AARC sets focus on retention

Brittany Eldridge

The Academic Advising and Retention Center brought in some new changes following the beginning of the 2014 fall semester. The Learning Center, dorms and the Fine Arts Center will no longer have monitored study halls. Russell Curley, director of AARC, said the AARC is all about retention.

“We have a limited budget,” he said.  “And so we have to decide what we can and can’t afford. We’ve had to make some cuts and so we looked at all of our program, and the monitored study hall was a passive program.”  

Most of the students that came to the monitored study hall were required to attend, but most didn’t make an appearance. 

“Students resented it,” Curley said. “It was very inconvenient for them.”
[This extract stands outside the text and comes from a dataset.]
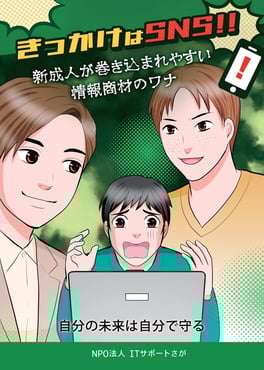 若年層に広がっているSNS等を介した消費者トラブルを未然に防ぐことを目的とした啓発漫画を作成いたしました。消費生活にかかわる教育、情報モラル教育の資料としてご利用ください。
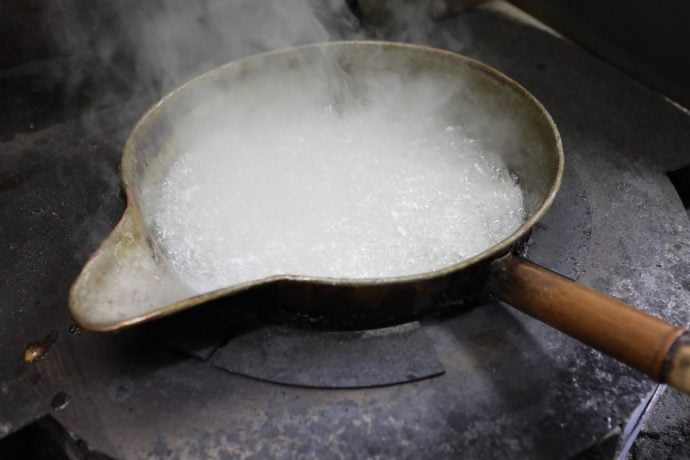 生姜糖を煮詰めていくと、出来上がりの瞬間があります。

Upon looking at the programs offered at the AARC, Curley said that the monitored study halls didn’t serve the entire student body, and with DSU having a new 24-hour study lounge, they were cut. 

“It was a decision on priorities,” he said.

The AARC has decided to transform the former study hall into an Active Learning Lab. The lab will consist of a series of competency-based workshops offered to students in areas like academic planning, study skills, test taking skills and other programs that can help students handle academic difficulty.

“We wanted our programs to be more proactive,” Curley said. 

Competency-based means that the AARC will actually teach the students skills that are a part of the workshop and they will have the opportunity to demonstrate those learned skills. 

“They (workshops) will become the main components of BEP (Best Expectations Programs) and STEPS (Success Through Evaluation, Placement, and Support),” Curley said.

BEP and STEPS are programs AARC offers to help students with academics.

Another of these changes was the decision to re-evaluate the tutoring program. Christopher Jensen, associate director of AARC, said that the goal is to make the largest impact as possible for the tutoring programs. 

“We’re looking at the courses that are high enrollment and high need for students, and we’re going to start catering more towards those,” Jensen said.  

AARC also plans to introduce group tutoring. If students are struggling to get an appointment, then they can do groups of five. Jensen said that in the long term the AARC hopes to be able to serve students better.  

“It’s more about retention, student success and teaching them,” he said. “It’s what’s needed for them to be successful here at WKU.”